■ Problem details: Transcribe only the lines from the one containing "會議室的設計:設計師在設計的" through the final line of the entries below, exactly, and exclude the pictures.

■ Data for the task:
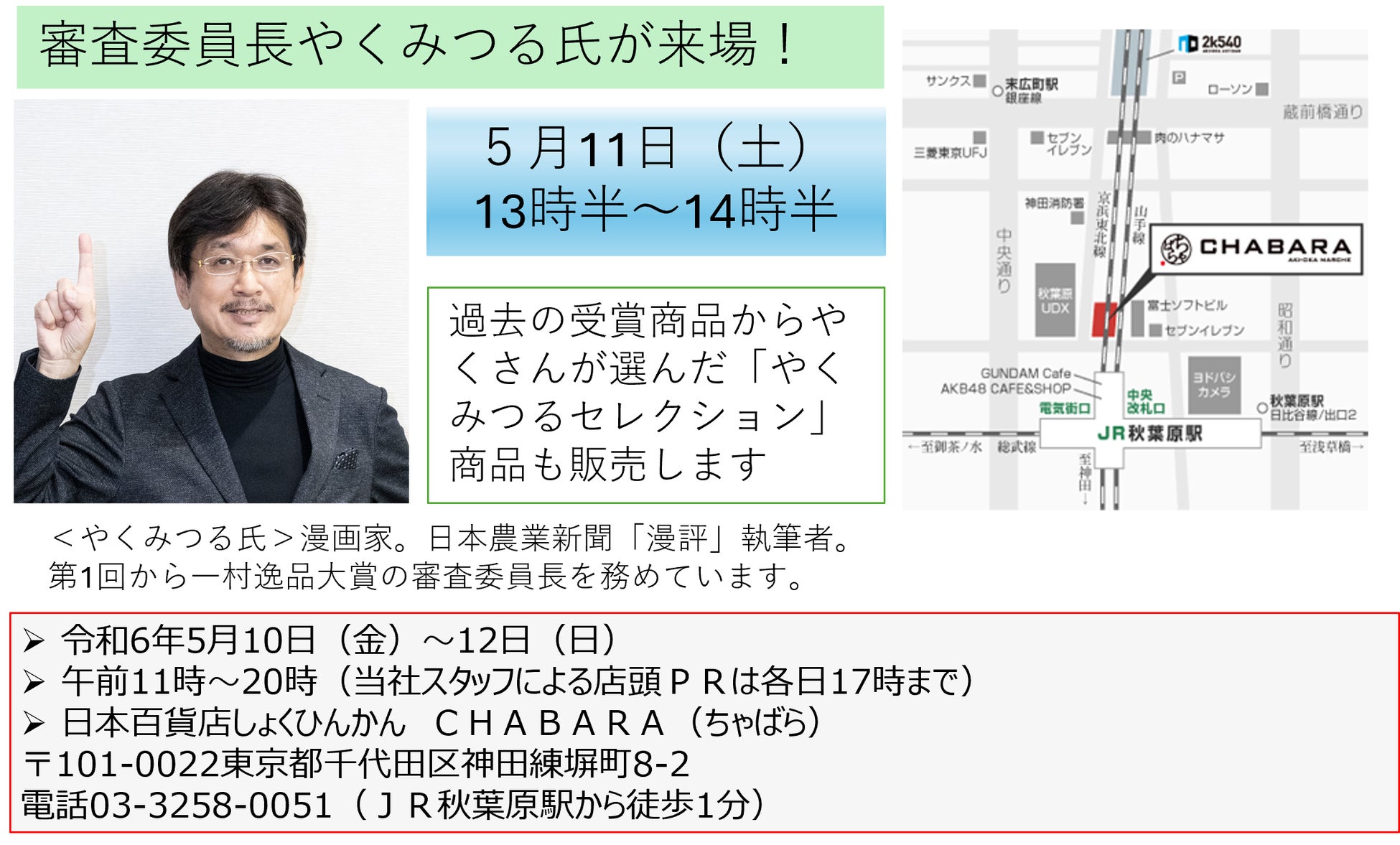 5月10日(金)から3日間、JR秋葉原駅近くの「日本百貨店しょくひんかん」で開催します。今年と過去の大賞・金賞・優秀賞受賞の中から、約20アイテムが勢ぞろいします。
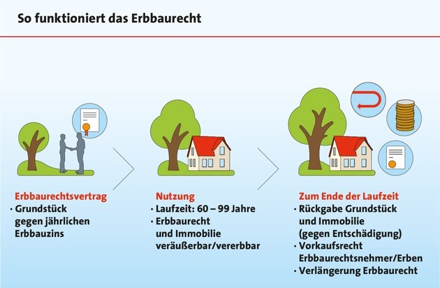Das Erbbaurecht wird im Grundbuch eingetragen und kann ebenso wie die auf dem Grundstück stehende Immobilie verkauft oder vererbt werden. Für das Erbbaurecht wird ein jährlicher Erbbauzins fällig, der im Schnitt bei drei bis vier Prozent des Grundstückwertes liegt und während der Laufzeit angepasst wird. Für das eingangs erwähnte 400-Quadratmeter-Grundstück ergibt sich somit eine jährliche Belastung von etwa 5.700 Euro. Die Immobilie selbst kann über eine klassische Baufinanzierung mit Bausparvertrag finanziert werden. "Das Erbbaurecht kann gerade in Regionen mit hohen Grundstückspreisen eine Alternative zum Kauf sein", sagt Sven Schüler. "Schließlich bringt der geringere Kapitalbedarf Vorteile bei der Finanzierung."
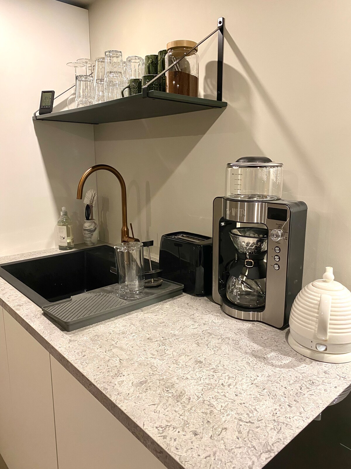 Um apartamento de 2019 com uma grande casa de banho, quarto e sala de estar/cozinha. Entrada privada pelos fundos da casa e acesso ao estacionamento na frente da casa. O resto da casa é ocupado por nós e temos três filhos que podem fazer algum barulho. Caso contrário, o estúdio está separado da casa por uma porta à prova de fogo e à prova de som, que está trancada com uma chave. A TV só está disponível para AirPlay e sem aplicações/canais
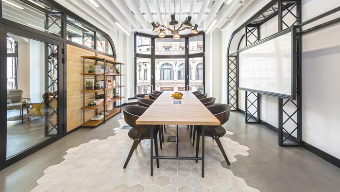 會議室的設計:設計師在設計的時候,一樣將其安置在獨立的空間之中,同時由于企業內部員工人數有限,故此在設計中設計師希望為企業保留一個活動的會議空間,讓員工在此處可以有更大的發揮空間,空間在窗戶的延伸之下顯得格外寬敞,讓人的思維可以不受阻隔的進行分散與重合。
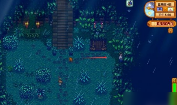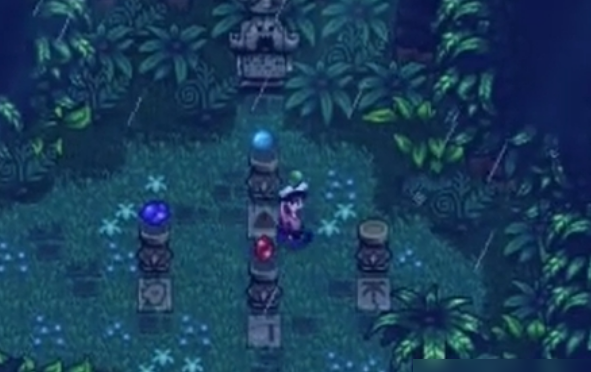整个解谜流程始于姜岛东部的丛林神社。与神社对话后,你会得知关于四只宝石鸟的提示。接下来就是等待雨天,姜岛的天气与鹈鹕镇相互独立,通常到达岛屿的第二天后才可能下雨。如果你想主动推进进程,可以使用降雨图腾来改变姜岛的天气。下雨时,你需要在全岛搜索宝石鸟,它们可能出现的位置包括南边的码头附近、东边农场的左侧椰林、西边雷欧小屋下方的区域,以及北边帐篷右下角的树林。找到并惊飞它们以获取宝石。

■ Solution:
 會議室的設計:設計師在設計的時候,一樣將其安置在獨立的空間之中,同時由于企業內部員工人數有限,故此在設計中設計師希望為企業保留一個活動的會議空間,讓員工在此處可以有更大的發揮空間,空間在窗戶的延伸之下顯得格外寬敞,讓人的思維可以不受阻隔的進行分散與重合。
整个解谜流程始于姜岛东部的丛林神社。与神社对话后,你会得知关于四只宝石鸟的提示。接下来就是等待雨天,姜岛的天气与鹈鹕镇相互独立,通常到达岛屿的第二天后才可能下雨。如果你想主动推进进程,可以使用降雨图腾来改变姜岛的天气。下雨时,你需要在全岛搜索宝石鸟,它们可能出现的位置包括南边的码头附近、东边农场的左侧椰林、西边雷欧小屋下方的区域,以及北边帐篷右下角的树林。找到并惊飞它们以获取宝石。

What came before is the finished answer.